PROBLEM TO SOLVE
Within the listing below, the lines to output run from the one containing "kolekcjonera Ciriaca Mattei." through the one containing "再將微球浸入K2HPO4溶液"; copy them exactly and nothing else.

THE INPUT
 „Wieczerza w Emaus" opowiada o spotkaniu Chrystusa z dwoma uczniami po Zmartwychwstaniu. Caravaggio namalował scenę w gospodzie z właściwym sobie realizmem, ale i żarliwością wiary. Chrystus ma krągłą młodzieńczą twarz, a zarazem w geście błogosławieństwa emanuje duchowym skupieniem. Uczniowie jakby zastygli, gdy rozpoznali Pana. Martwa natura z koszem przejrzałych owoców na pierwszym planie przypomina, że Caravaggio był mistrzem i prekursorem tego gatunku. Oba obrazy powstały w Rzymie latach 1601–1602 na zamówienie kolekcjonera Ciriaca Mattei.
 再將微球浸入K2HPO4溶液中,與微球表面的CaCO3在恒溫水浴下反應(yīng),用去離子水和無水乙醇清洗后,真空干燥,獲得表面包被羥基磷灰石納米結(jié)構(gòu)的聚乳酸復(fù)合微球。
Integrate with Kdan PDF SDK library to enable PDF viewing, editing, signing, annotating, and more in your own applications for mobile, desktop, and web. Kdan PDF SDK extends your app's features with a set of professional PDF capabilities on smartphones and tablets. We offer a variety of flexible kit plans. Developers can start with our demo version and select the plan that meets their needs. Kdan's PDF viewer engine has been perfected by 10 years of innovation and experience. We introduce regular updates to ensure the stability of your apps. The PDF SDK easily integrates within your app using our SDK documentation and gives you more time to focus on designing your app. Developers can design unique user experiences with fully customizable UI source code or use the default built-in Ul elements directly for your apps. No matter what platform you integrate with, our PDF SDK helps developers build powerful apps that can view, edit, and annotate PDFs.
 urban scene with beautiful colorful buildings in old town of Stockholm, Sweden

==

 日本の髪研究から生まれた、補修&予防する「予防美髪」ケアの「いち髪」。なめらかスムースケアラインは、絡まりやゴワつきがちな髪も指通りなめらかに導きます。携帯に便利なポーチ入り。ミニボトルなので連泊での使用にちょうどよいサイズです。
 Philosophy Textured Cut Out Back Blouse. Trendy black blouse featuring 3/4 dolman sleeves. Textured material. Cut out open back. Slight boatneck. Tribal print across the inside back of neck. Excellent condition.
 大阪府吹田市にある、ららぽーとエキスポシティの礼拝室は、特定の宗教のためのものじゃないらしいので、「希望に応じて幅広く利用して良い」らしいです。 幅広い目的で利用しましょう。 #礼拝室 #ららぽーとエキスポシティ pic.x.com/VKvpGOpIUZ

TASK ANSWER
 „Wieczerza w Emaus" opowiada o spotkaniu Chrystusa z dwoma uczniami po Zmartwychwstaniu. Caravaggio namalował scenę w gospodzie z właściwym sobie realizmem, ale i żarliwością wiary. Chrystus ma krągłą młodzieńczą twarz, a zarazem w geście błogosławieństwa emanuje duchowym skupieniem. Uczniowie jakby zastygli, gdy rozpoznali Pana. Martwa natura z koszem przejrzałych owoców na pierwszym planie przypomina, że Caravaggio był mistrzem i prekursorem tego gatunku. Oba obrazy powstały w Rzymie latach 1601–1602 na zamówienie kolekcjonera Ciriaca Mattei.
 再將微球浸入K2HPO4溶液中,與微球表面的CaCO3在恒溫水浴下反應(yīng),用去離子水和無水乙醇清洗后,真空干燥,獲得表面包被羥基磷灰石納米結(jié)構(gòu)的聚乳酸復(fù)合微球。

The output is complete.